Find answers, ask questions, and share your expertise

Spark 2.2.0 not supporting sortBy

Contributor

Hi ,

I am currently using HDP version 2.6.3 and Spark version 2.2.0.2.6.3.0-235. When I am trying to do a sortBy while doing a dataframe write operation I am getting the below error

      ____              __
     / __/__  ___ _____/ /__
    _\ \/ _ \/ _ `/ __/  '_/
   /__ / .__/\_,_/_/ /_/\_\   version 2.2.0.2.6.3.0-235
      /_/
Using Python version 2.7.5 (default, Aug  4 2017 00:39:18)
SparkSession available as 'spark'.
>>> o1 = sqlContext.sql("select * from tttt limit 10000")
>>> o1.write.option("compression","zlib").mode("overwrite").format("orc").sortBy("dddd").saveAsTable("xxxx")
Traceback (most recent call last):
  File "<stdin>", line 1, in <module>
AttributeError: 'DataFrameWriter' object has no attribute 'sortBy'

Per the Spark documentation sortBy is available from Spark 2.1.0.

Thanks,

Jayadeep

6 REPLIES 6

Expert Contributor

Hi, @Jayadeep Jayaraman .

As you see in the error message, `write` returns `DataFrameWriter`.

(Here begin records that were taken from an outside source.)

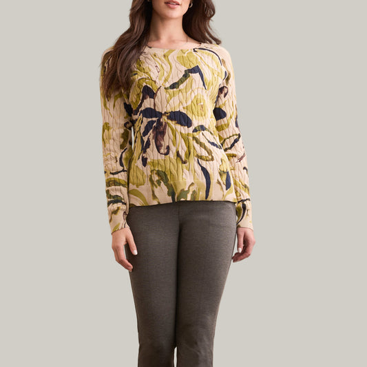 Tribal - Printed Cable Cotton Crew Neck Sweater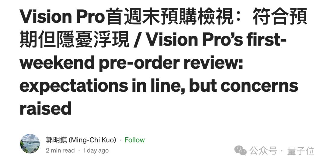 但在一片喜人数字后,郭明錤却泼了盆冷水:Vision Pro隐忧浮现。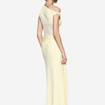 This style features an asymmetrical design with a goddess-like quality. Her waterfall sash detail at the hip elongates the body, creating strong vertical lines. 'Sisal' can be worn from the day to the evening. Wear her with a flat to keep her more relaxed, or elevate the look with the addition of a heeled sandal.

`sortBy` is supported in `Dataset/Dataframe`. Please try the following.

scala> spark.versionres7: String = 2.2.0.2.6.3.0-235
scala> df.sort("id").write.option("compression", "zlib").mode("overwrite").format("orc").saveAsTable("o2") scala> df.sort($"id".desc).write.option("compression", "zlib").mode("overwrite").format("orc").saveAsTable("o1")

Expert Contributor

BTW, Apache Spark doesn't guarantee reading on a sorted table. Spark reads the largest file first in the directory.

Contributor

Hi @Dongjoon Hyun thanks for the clarification but if you look at the official documentation

https://spark.apache.org/docs/2.2.0/sql-programming-guide.html then you will see that Spark 2.2.x now supports sortBy and bucketBy operations.

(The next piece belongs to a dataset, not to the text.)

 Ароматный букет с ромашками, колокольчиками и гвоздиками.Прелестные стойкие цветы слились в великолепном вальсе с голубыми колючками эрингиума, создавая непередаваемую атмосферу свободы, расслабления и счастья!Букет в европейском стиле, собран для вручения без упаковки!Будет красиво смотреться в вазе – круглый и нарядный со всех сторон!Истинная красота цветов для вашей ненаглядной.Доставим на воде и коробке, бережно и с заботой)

peopleDF.write.bucketBy(42, "name").sortBy("age").saveAsTable("people_bucketed")

Expert Contributor

Oh. My bad. I didn't try your command. You're right. For me, it works like the following in HDP 2.6.3 Scala Spark.

scala> spark.version
res5: String = 2.2.0.2.6.3.0-235

scala>  Seq((1,2),(3,4)).toDF("a", "b").write.option("compression","zlib").mode("overwrite").format("orc").bucketBy(10, "a").sortBy("b").saveAsTable("xx")

scala> sql("select * from xx").show
+---+---+
|  a|  b|
+---+---+
|  3|  4|
|  1|  2|
+---+---+
<br>

Expert Contributor

For python, I checked the code.

- PySpark 2.2 doesn't have that.

https://github.com/apache/spark/blob/branch-2.2/python/pyspark/sql/readwriter.py

- It's added in PySpark 2.3.

https://github.com/apache/spark/blob/master/python/pyspark/sql/readwriter.py#L648-L649

I think you found a documentation error here.

New Contributor

same problem with spark 2.2.1.